▶ _EXERCISE PROMPT_
Transcribe the records that follow in their entirety, omitting any pictures.
——————————
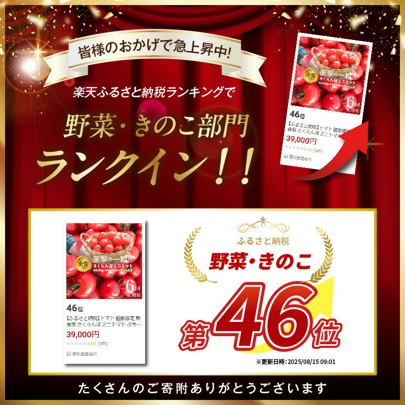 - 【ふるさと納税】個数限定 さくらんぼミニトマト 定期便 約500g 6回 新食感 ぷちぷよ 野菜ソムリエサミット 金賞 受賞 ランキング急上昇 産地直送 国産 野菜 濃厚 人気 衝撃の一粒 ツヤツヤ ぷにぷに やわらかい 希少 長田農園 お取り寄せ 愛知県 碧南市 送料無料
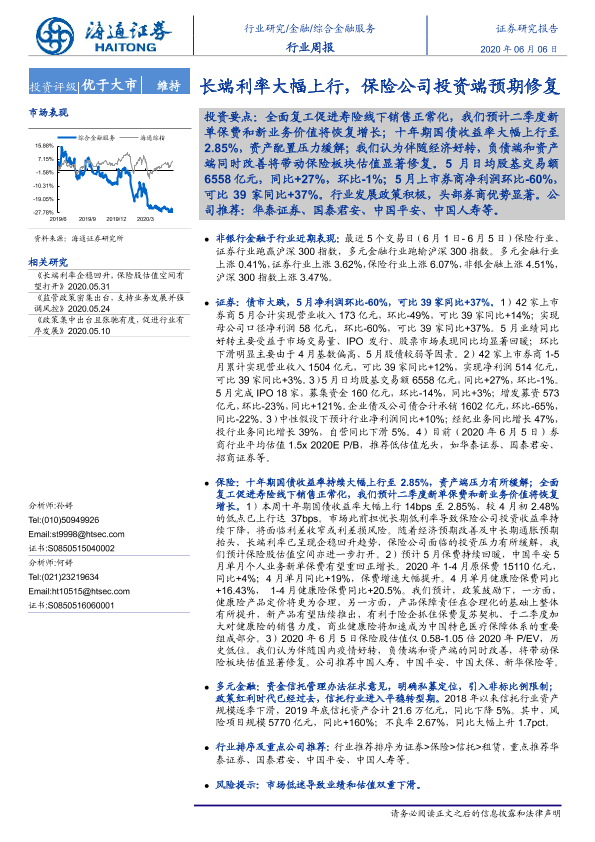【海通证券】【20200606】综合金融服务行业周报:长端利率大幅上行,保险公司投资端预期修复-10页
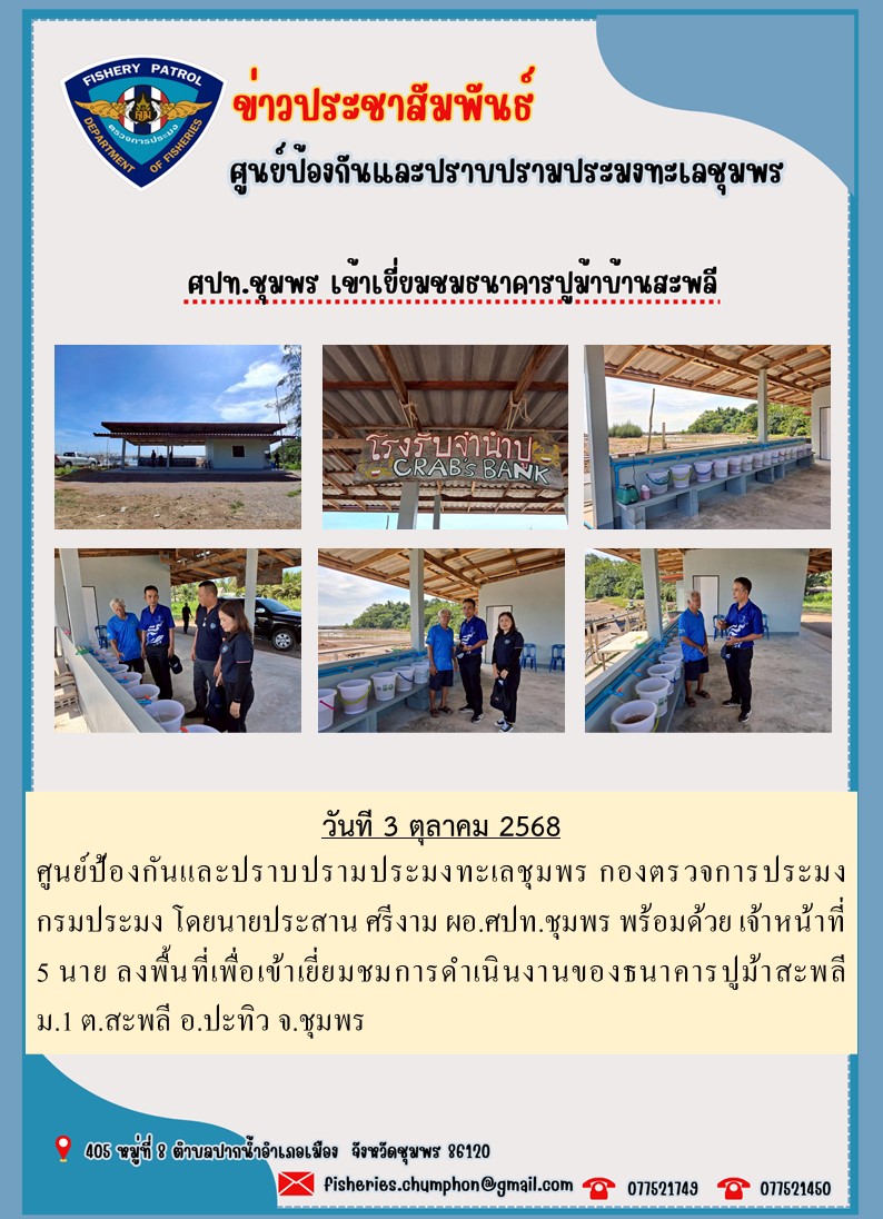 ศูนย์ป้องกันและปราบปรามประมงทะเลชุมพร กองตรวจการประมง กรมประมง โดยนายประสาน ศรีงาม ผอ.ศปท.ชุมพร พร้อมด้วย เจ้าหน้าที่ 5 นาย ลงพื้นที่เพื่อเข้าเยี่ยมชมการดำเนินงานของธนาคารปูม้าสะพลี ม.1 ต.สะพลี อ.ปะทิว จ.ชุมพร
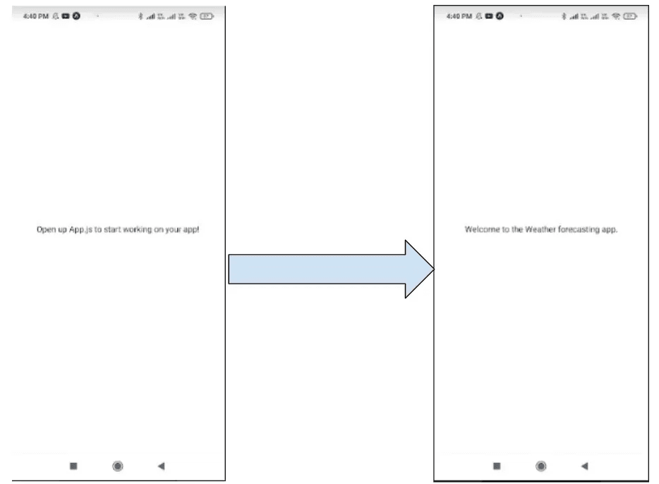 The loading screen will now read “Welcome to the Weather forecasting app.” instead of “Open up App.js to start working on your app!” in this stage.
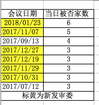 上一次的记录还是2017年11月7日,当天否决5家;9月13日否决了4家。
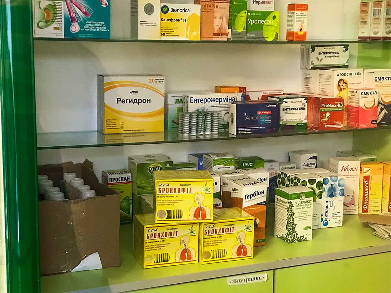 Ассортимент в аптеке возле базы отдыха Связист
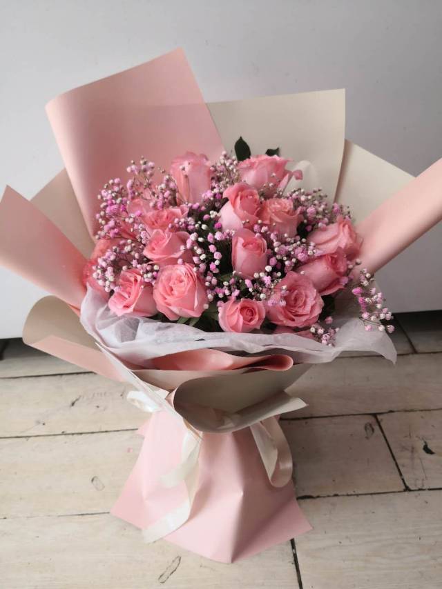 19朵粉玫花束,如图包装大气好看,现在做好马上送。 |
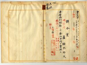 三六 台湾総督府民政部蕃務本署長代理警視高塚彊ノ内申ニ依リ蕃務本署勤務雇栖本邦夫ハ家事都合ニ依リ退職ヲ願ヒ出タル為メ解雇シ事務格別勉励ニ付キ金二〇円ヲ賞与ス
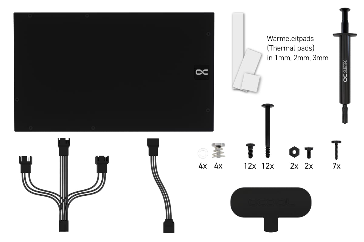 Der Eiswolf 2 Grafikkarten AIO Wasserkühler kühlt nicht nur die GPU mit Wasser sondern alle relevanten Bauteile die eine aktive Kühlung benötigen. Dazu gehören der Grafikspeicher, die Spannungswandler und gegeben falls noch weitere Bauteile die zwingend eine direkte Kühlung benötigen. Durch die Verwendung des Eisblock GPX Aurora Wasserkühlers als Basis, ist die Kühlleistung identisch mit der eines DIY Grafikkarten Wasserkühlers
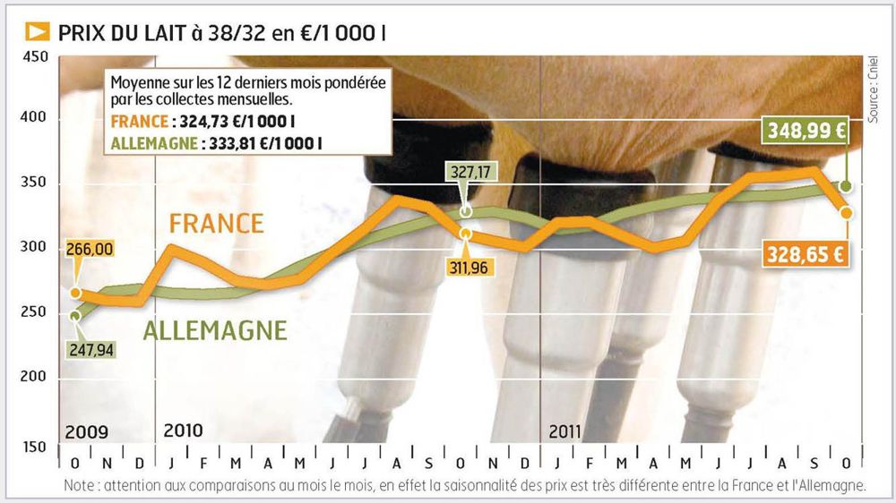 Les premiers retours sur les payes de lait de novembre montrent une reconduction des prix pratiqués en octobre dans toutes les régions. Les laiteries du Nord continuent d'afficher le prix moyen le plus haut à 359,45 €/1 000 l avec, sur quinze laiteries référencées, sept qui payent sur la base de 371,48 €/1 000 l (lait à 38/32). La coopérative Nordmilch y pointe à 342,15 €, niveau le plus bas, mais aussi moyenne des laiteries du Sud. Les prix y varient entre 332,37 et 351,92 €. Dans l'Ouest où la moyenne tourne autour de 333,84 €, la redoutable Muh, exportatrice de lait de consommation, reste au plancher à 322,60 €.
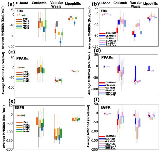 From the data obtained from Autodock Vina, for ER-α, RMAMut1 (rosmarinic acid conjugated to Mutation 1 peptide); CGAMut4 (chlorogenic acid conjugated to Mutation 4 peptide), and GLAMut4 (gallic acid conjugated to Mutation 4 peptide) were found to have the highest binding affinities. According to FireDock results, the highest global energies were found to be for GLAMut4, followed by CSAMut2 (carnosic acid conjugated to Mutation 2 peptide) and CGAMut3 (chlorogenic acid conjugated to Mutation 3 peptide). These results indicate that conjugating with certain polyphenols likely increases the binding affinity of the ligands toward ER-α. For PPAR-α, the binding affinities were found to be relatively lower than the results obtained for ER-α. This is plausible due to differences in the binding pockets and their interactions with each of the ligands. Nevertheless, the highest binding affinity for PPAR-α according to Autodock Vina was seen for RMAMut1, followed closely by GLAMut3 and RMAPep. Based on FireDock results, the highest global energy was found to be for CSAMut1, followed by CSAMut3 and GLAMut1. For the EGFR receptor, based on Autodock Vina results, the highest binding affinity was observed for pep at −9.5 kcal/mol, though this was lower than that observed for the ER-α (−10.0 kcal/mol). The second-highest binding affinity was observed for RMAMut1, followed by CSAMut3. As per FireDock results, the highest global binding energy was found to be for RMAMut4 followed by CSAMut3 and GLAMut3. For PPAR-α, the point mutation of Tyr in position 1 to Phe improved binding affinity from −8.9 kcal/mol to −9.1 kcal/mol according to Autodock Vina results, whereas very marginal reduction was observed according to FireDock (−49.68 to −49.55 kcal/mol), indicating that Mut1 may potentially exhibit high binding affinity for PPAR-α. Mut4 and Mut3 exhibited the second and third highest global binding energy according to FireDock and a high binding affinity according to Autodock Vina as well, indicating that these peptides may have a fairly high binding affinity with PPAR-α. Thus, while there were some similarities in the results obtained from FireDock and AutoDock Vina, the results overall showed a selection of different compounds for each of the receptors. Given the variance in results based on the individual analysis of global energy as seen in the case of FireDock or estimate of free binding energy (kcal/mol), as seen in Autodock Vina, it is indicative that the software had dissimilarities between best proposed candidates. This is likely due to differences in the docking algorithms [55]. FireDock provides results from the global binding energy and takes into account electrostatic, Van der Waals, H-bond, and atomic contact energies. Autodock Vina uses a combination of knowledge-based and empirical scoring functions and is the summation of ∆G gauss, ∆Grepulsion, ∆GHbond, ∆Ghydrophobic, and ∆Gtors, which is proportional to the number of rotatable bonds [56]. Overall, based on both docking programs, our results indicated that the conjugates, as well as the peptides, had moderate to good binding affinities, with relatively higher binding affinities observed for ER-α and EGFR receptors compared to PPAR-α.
——————————
▶ _RESPONSE TO THE EXERCISE_
 - 【ふるさと納税】個数限定 さくらんぼミニトマト 定期便 約500g 6回 新食感 ぷちぷよ 野菜ソムリエサミット 金賞 受賞 ランキング急上昇 産地直送 国産 野菜 濃厚 人気 衝撃の一粒 ツヤツヤ ぷにぷに やわらかい 希少 長田農園 お取り寄せ 愛知県 碧南市 送料無料
【海通证券】【20200606】综合金融服务行业周报:长端利率大幅上行,保险公司投资端预期修复-10页
 ศูนย์ป้องกันและปราบปรามประมงทะเลชุมพร กองตรวจการประมง กรมประมง โดยนายประสาน ศรีงาม ผอ.ศปท.ชุมพร พร้อมด้วย เจ้าหน้าที่ 5 นาย ลงพื้นที่เพื่อเข้าเยี่ยมชมการดำเนินงานของธนาคารปูม้าสะพลี ม.1 ต.สะพลี อ.ปะทิว จ.ชุมพร
 The loading screen will now read “Welcome to the Weather forecasting app.” instead of “Open up App.js to start working on your app!” in this stage.
 上一次的记录还是2017年11月7日,当天否决5家;9月13日否决了4家。
 Ассортимент в аптеке возле базы отдыха Связист
 19朵粉玫花束,如图包装大气好看,现在做好马上送。 |
 三六 台湾総督府民政部蕃務本署長代理警視高塚彊ノ内申ニ依リ蕃務本署勤務雇栖本邦夫ハ家事都合ニ依リ退職ヲ願ヒ出タル為メ解雇シ事務格別勉励ニ付キ金二〇円ヲ賞与ス
 Der Eiswolf 2 Grafikkarten AIO Wasserkühler kühlt nicht nur die GPU mit Wasser sondern alle relevanten Bauteile die eine aktive Kühlung benötigen. Dazu gehören der Grafikspeicher, die Spannungswandler und gegeben falls noch weitere Bauteile die zwingend eine direkte Kühlung benötigen. Durch die Verwendung des Eisblock GPX Aurora Wasserkühlers als Basis, ist die Kühlleistung identisch mit der eines DIY Grafikkarten Wasserkühlers
 Les premiers retours sur les payes de lait de novembre montrent une reconduction des prix pratiqués en octobre dans toutes les régions. Les laiteries du Nord continuent d'afficher le prix moyen le plus haut à 359,45 €/1 000 l avec, sur quinze laiteries référencées, sept qui payent sur la base de 371,48 €/1 000 l (lait à 38/32). La coopérative Nordmilch y pointe à 342,15 €, niveau le plus bas, mais aussi moyenne des laiteries du Sud. Les prix y varient entre 332,37 et 351,92 €. Dans l'Ouest où la moyenne tourne autour de 333,84 €, la redoutable Muh, exportatrice de lait de consommation, reste au plancher à 322,60 €.
 From the data obtained from Autodock Vina, for ER-α, RMAMut1 (rosmarinic acid conjugated to Mutation 1 peptide); CGAMut4 (chlorogenic acid conjugated to Mutation 4 peptide), and GLAMut4 (gallic acid conjugated to Mutation 4 peptide) were found to have the highest binding affinities. According to FireDock results, the highest global energies were found to be for GLAMut4, followed by CSAMut2 (carnosic acid conjugated to Mutation 2 peptide) and CGAMut3 (chlorogenic acid conjugated to Mutation 3 peptide). These results indicate that conjugating with certain polyphenols likely increases the binding affinity of the ligands toward ER-α. For PPAR-α, the binding affinities were found to be relatively lower than the results obtained for ER-α. This is plausible due to differences in the binding pockets and their interactions with each of the ligands. Nevertheless, the highest binding affinity for PPAR-α according to Autodock Vina was seen for RMAMut1, followed closely by GLAMut3 and RMAPep. Based on FireDock results, the highest global energy was found to be for CSAMut1, followed by CSAMut3 and GLAMut1. For the EGFR receptor, based on Autodock Vina results, the highest binding affinity was observed for pep at −9.5 kcal/mol, though this was lower than that observed for the ER-α (−10.0 kcal/mol). The second-highest binding affinity was observed for RMAMut1, followed by CSAMut3. As per FireDock results, the highest global binding energy was found to be for RMAMut4 followed by CSAMut3 and GLAMut3. For PPAR-α, the point mutation of Tyr in position 1 to Phe improved binding affinity from −8.9 kcal/mol to −9.1 kcal/mol according to Autodock Vina results, whereas very marginal reduction was observed according to FireDock (−49.68 to −49.55 kcal/mol), indicating that Mut1 may potentially exhibit high binding affinity for PPAR-α. Mut4 and Mut3 exhibited the second and third highest global binding energy according to FireDock and a high binding affinity according to Autodock Vina as well, indicating that these peptides may have a fairly high binding affinity with PPAR-α. Thus, while there were some similarities in the results obtained from FireDock and AutoDock Vina, the results overall showed a selection of different compounds for each of the receptors. Given the variance in results based on the individual analysis of global energy as seen in the case of FireDock or estimate of free binding energy (kcal/mol), as seen in Autodock Vina, it is indicative that the software had dissimilarities between best proposed candidates. This is likely due to differences in the docking algorithms [55]. FireDock provides results from the global binding energy and takes into account electrostatic, Van der Waals, H-bond, and atomic contact energies. Autodock Vina uses a combination of knowledge-based and empirical scoring functions and is the summation of ∆G gauss, ∆Grepulsion, ∆GHbond, ∆Ghydrophobic, and ∆Gtors, which is proportional to the number of rotatable bonds [56]. Overall, based on both docking programs, our results indicated that the conjugates, as well as the peptides, had moderate to good binding affinities, with relatively higher binding affinities observed for ER-α and EGFR receptors compared to PPAR-α.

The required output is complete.